Mr Barnard also submitted that the applicant’s attack upon the
acknowledgment of debt was essentially a red herring. He
further submitted that the issues raised attacking the validity of
the acknowledgment of debt on other grounds were devoid of any have
merit. It would not be appropriate for me to enter into that debate
at this stage except to say that certain of the other points raised
against the acknowledgement are matters which would not require much
evidence and are rather the subject of legal contention. The
allegation of duress, Mr Barnard submitted, was not properly set out
and that no specificity had been provided even after expressly and
The allegation of duress is contained in the amended plea in case no.
I 367/2013 in paragraph 7.1 in the following way:
‘The document was signed under
duress and false pretences made by Mr B Venter legal practitioner for
applicant to me.’ (sic)
I have also had regard to the other documentation on the court file
(in case no. I 367/2013)including the opposing affidavit which was
provided in an application for summary judgment brought by Big J
Feedlot after the applicant had entered an appearance to defend.
Inexplicably, the issue of duress is not specifically referred
to in that affidavit, despite rule 32 which requires that a party
must set out her defence fully in order to establish a bona fide
defence to an action. What is however stated in paragraph 8 in
that affidavit is merely the following:
‘Mr Bennie Venter lawyer for the
applicant came to my office on 16 April 2012 and indoctrinated me to
sign annexure POC2 (the acknowledgement of debt) which I did.

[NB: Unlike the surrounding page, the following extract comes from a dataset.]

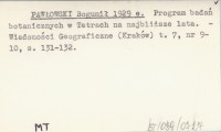 PAWŁOWSKI Bogumił 1929 e Program badań botanicznych w Tatrach na najbliższe lata.

The creditor only signed and Mr Venter only stamped the annexure
subsequent to an attempt to snatch judgment and execute an illegal
warrant in the magistrates’ court in Gobabis. I was
petrified to lose my business and he unduly influence me to sign
The word duress is not even used in that affidavit at a time when she
was legally represented.
I turn to the action in I 3792/2012 and the particulars of claim and
way it is raised in the pleadings. There is a reference to duress in
paragraph 16, in the following terms:
‘ The plaintiff had signed
annexure A1 under undue duress by the first defendant (Mr Venter, Big
J Feedlot’s legal practitioner) without having been apprised of
the contents thereof and consequence thereof.’
That is the extent of the allegation as to duress in both actions.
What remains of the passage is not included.